- Problem description: Repeat the listing that follows exactly. Pictures are not part of the copy.

- Provided records:
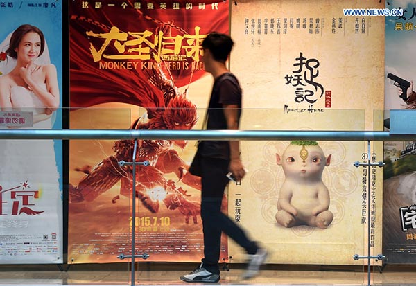 A man walks past a poster of the "Monster Hunt" (right) at a cinema in Shenyang, capital of northeast China's Liaoning province, July 26, 2015. [Photo/Xinhua]
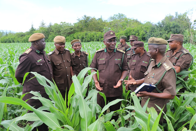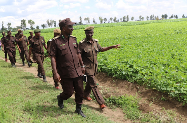 Mkuu wa Jeshi la Magereza nchini – CGP Phaustine Kasike(wa pili toka kulia) akitoa maelekezo kwa Mkuu wa Magereza Mkoani Arusha, Kamishna Msaidizi wa Magereza, Anderson Kamtiaro(kulia)alipokagua Shamba la mahindi kabla ya kuendelea na ziara ya kikazi Mkoani Manyara leo Novemba 16, 2019(Picha zote na Jeshi la Magereza).
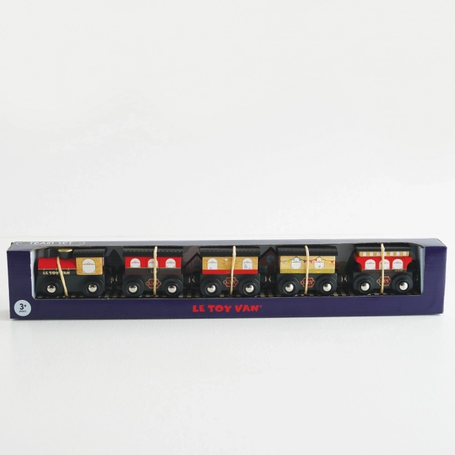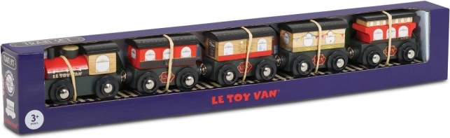 Stylowy drewniany pociąg ROYAL EXPRESS od Le Toy Van ucieszy dzieci i rodziców. Zawiera lokomotywę i pięć wagonów z magnetycznym łączeniem, wykonany jest z zrównoważonego drewna i malowany nietoksycznymi farbami na bazie wody. Wspiera małą motorykę, zabawy wyobrażeniowe i jest kompatybilny z większością drewnianych kolejek.
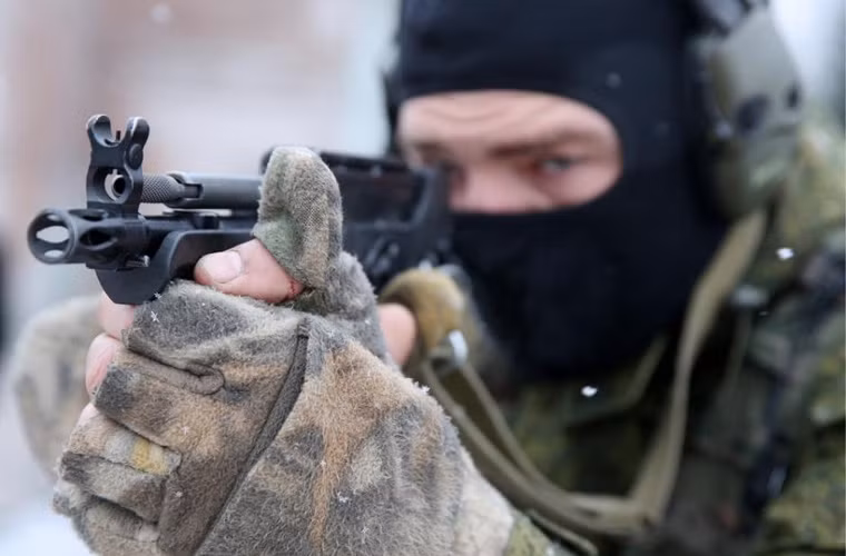 Trực thăng đổ cảnh sát đặc nhiệm Nga xuống khu vực quân khủng bố chiếm giữ.
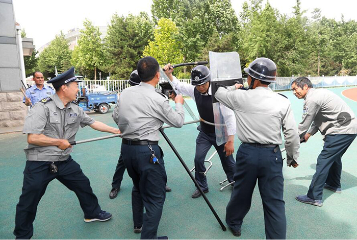 器材使用方法介绍完毕后,徐金光科长带领安保人员就模拟处置不法分子冲撞校园事件进行分组演练,参训人员在演练中认真学习安保器材的使用技巧,并反复演练各动作要领。

- Answer area:
 A man walks past a poster of the "Monster Hunt" (right) at a cinema in Shenyang, capital of northeast China's Liaoning province, July 26, 2015. [Photo/Xinhua]
 Mkuu wa Jeshi la Magereza nchini – CGP Phaustine Kasike(wa pili toka kulia) akitoa maelekezo kwa Mkuu wa Magereza Mkoani Arusha, Kamishna Msaidizi wa Magereza, Anderson Kamtiaro(kulia)alipokagua Shamba la mahindi kabla ya kuendelea na ziara ya kikazi Mkoani Manyara leo Novemba 16, 2019(Picha zote na Jeshi la Magereza).
 Stylowy drewniany pociąg ROYAL EXPRESS od Le Toy Van ucieszy dzieci i rodziców. Zawiera lokomotywę i pięć wagonów z magnetycznym łączeniem, wykonany jest z zrównoważonego drewna i malowany nietoksycznymi farbami na bazie wody. Wspiera małą motorykę, zabawy wyobrażeniowe i jest kompatybilny z większością drewnianych kolejek.
 Trực thăng đổ cảnh sát đặc nhiệm Nga xuống khu vực quân khủng bố chiếm giữ.
 器材使用方法介绍完毕后,徐金光科长带领安保人员就模拟处置不法分子冲撞校园事件进行分组演练,参训人员在演练中认真学习安保器材的使用技巧,并反复演练各动作要领。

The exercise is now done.